Küçüktepe, tedavi prensiplerinin bütüncül ve multidisipliner olması ve her hastanın kendine özel olarak değerlendirilip tedavi edilmesinin büyük önem taşıdığını dile getirdi. Hastalarda kas zayıflığına bağlı olarak ortaya çıkabilecek sorunları engellemek için ortez kullanılabilmektedir. Bağımsızlığın desteklenmesi amacı ile çocuğun fonksiyonel durumuna uygun yürüteç, tekerlekli sandalye gibi yürüme araçları kullanılabilmektedir. Eklemleri ve kasları korumak amaçlı germe ve kuvvetlendirme egzersizleri uygulanmaktadır. Zayıflayan solunum kaslarını kuvvetlendirmek için küçük oral besinler, pipet kullanımı, beslenme sırasında başın dik tutulması ve çene desteği, az ve sık besleme gibi uygulamalar yapılabilmektedir.

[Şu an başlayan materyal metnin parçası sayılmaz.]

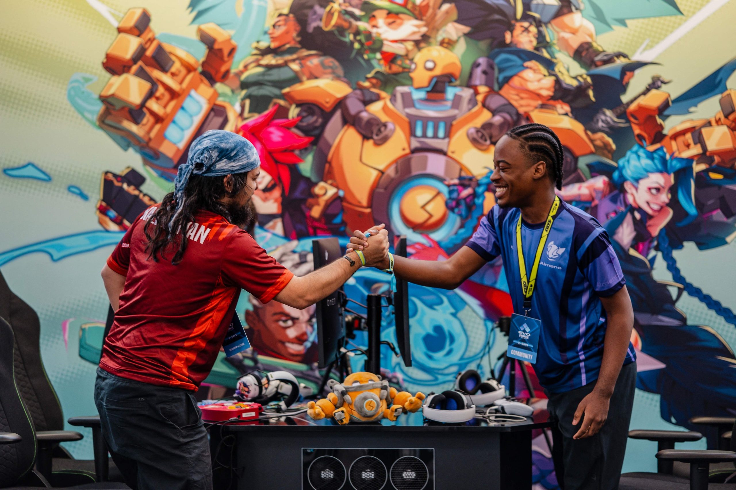Players congratulate each other at the end of a match during the EVO France 2025 fighting game tournament in Nice, southern France on October 11, 2025. (Photo by Frederic DIDES / AFP)

Rahat bir solunum için fizyoterapist tarafından uygun pozisyonlamalar hastaya verilip, aileye öğretilmektedir. Ve yine solunumu artırmak için fizyoterapi uygulamalarından olan postural drenaj hastalara yapılabilmektedir. Postüral dengeyi geliştirmek için postür egzersizleri, skolyoz oluşmuşsa bireyde skolyoza yönelik egzersizler verilebilmektedir. Küçüktepe, son olarak her hastanın hangi SMA tipi olduğuna bakılarak hastanın neye ihtiyacı olduğuna dikkat edilerek , hastaya özel olarak egzersiz programı yapılmasının ve uygulanmasının hastanın olumlu tedavi alması açısından büyük önemi olduğunu söyledi.